Architecture Diagram:
What’s happening on the architecture diagram:
This is the more elaborated version of how to ingest both real-time and batch data concurrently using a single Lambda.
Let’s first examine the tech stack, which consist of:
- AWS S3
- AWS Lambda
- AWS CloudWatch
- AWS TimeStream
- Pycharm
We will now unload the source CSV data into the S3 Raw Source bucket. That will trigger the splitting lambda. In the Lambda Console, we can set the trigger to a specific S3 bucket using EventBridge.
Purpose of Splitter Lambda:
Assume that when it comes to batch data, the file size can vary from MB to GB. The Lambda’s total memory is 10240 MB, and during the transformation and ingestion, it can only safely process files up to 200 MB in size. As a result, this lambda will break large files into chunks of processable files based on the user-provided size.
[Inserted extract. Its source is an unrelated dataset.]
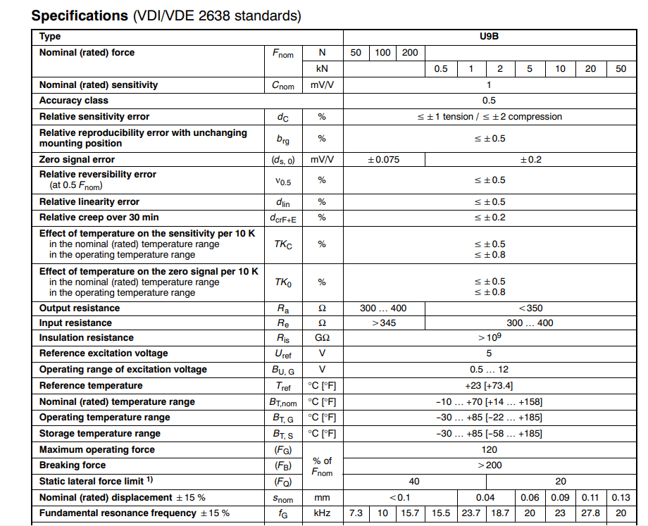 HBM U9B力傳感器技術(shù)參數(shù)圖:RGW廣州南創(chuàng)電子科技有限公司

For instance, the lambda specifies a size limit of 200 MB. If the file size surpasses this limit, the file chunks it and loads it into the S3 Structured Source. If not, it loads the original file into the S3 Structured Source Bucket, using date partitioning to create folders.
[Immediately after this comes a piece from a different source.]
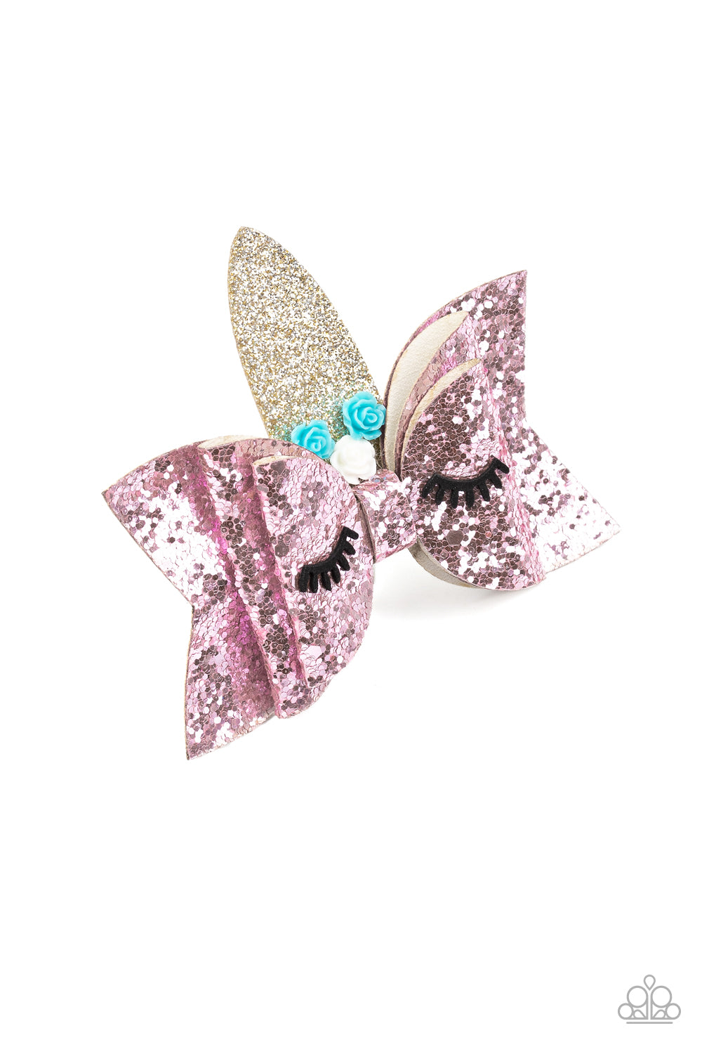 Decorated in white and blue resin roses, a sparkling gold horn crowns a glittery pink hair bow featuring suede eyelashes, creating an adorable unicorn. Features a standard hair clip on the back.

Below is the Python script that splits large files into chunks based on the provided size.
import boto3
import json
import os
import csv
import io
import datetime
import re
import awswrangler as wr
import numpy as np
s3 = boto3.client('s3')
def lambda_handler(event, context):
## Attributes extraction from parameters
# Destination Bucket name
dest_bucket = os.environ['bucket_name']
## Extraction of Source Path
event_result = event['Records']
bucket_name = ''.join([sub['s3']['bucket']['name'] for sub in event_result])
object_name = ''.join([sub['s3']['object']['key'] for sub in event_result])
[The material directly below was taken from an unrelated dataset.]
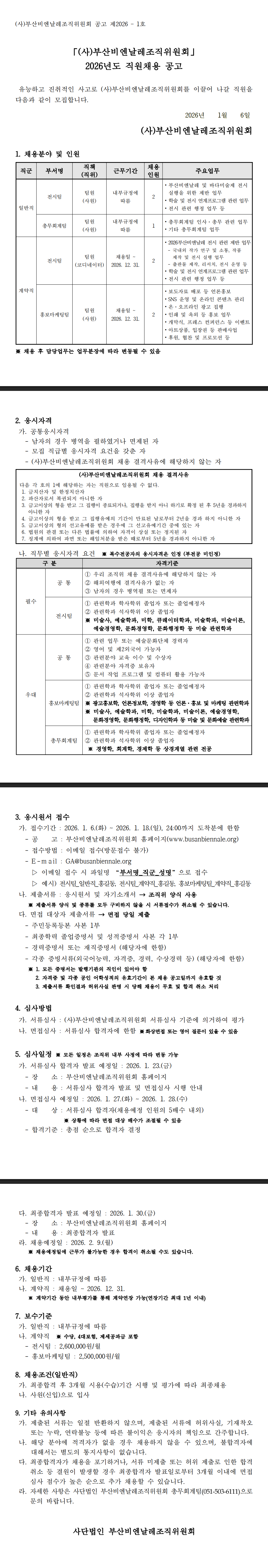 [부산비엔날레조직위원회] 2026년도 직원채용

path = "s3://" + bucket_name + "/" + object_name
## Gets the required file
size_reader = s3.get_object(Bucket=bucket_name, Key=object_name)
## Providing the required size to chunk
chunk_size = 200 * 1024 * 1024
## Reading data from Source
df = wr.s3.read_csv(path)
## partition for upload split DataFrame to S3
today = datetime.datetime.now()
datim = today.strftime("%Y%m%dT%H%M%S")
year = today.strftime("%Y")
month = today.strftime("%m")
day = today.strftime("%d")
## Getting the size value of the file
file_size = size_reader['ContentLength']
if file_size > chunk_size:
## Logic for splitting the actual size value into chunks based on chunk_size variable
num_chunks = file_size // chunk_size + 1
## Using numpy's array_split function the dataframe is splitted into chunks of df's
chunks = np.array_split(df, num_chunks)
## The chunked datframes is uploaded to S3 under the loop
for i, chunk in enumerate(chunks):
chunk_data = chunk.to_csv(index=False)
output = "raw_source/" + year + "/" + month + "/" + day + "/" + desired_name + "/" + "part" + str(i + 1) + "-" + desired_name + ".csv"
s3.put_object(Body=chunk_data, Bucket=dest_bucket, Key=output)
else:
## When the file size is smaller than the desired value whole file is uploaded to S3
s3_c = boto3.resource('s3')
copy_source = {
'Bucket': bucket_name,
'Key': object_name
}
output = "raw_source/" + year + "/" + month + "/" + day + "/" + desired_name + "/" + desired_name + ".csv"
# print(output)
s3_c.meta.client.copy(copy_source, dest_bucket, output)
# TODO implement
return {
'statusCode': 200
}
The Transformation Lambda will activate after loading the chunked files or the small-sized original file into the S3 Structured Source.
Purpose of Transformation Lambda:
The primary objective of this lambda is to process both real-time and batch data in accordance with the trigger types.
This lambda is triggered every time a file is loaded into S3 Structured Source, and then the developed real-time and batch logics are used based on the file size.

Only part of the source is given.